● **Data segment**:
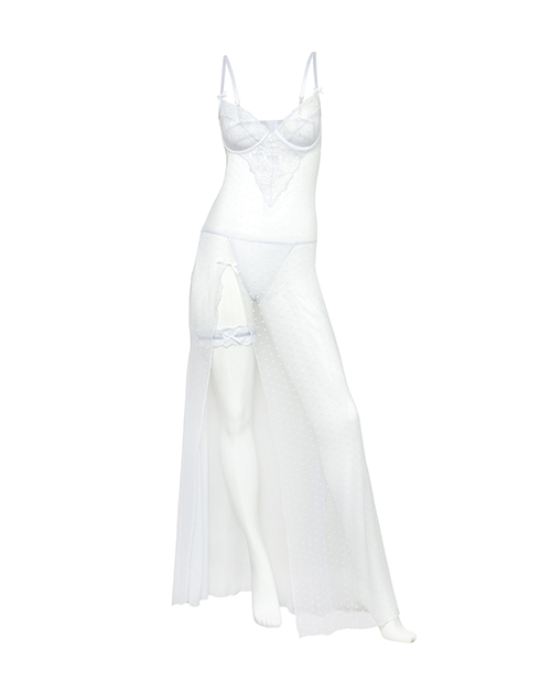 Indulge in luxury with the Bridal Livia Sheer Gown & Garter Set. The stunning mesh gown features an adjustable strap underwire bra and elegant bow detail. Complete the look with the delicate lacey garter. Perfect for a bridal shower gift, this set exudes sophistication and allure. 1x/2x: Cup C/DD, Bust 40-44:, Waist 32-40in., Hips 42-50in.
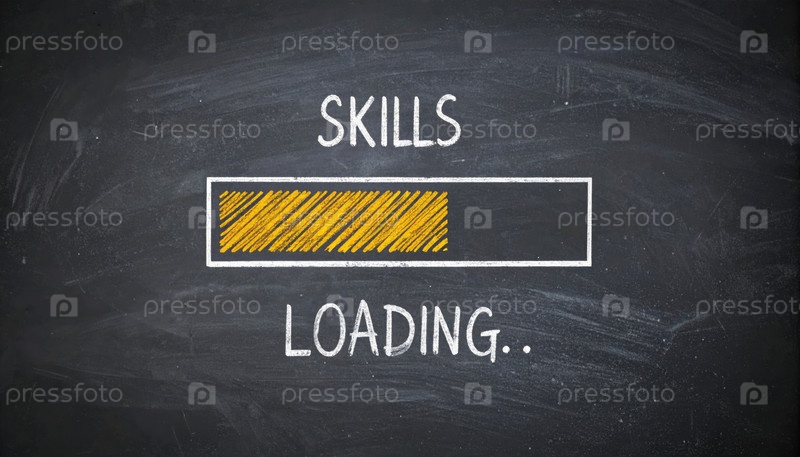Бара прогресса написана на доске с надписью skill load, символизирующей постоянное личное развитие, карьерный рост и непрерывное обучение
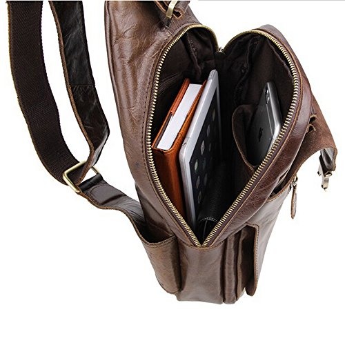 Sealinf Men'S Leather Outdoor Chest Cross Body Bag Fanny Backpack (Deep Brown)

● **What is being asked**: Pictures stay out; reproduce exactly the lines from the one containing "Бара прогресса написана" through the last line of the listing, both included.

● **Worked solution**:
Бара прогресса написана на доске с надписью skill load, символизирующей постоянное личное развитие, карьерный рост и непрерывное обучение
 Sealinf Men'S Leather Outdoor Chest Cross Body Bag Fanny Backpack (Deep Brown)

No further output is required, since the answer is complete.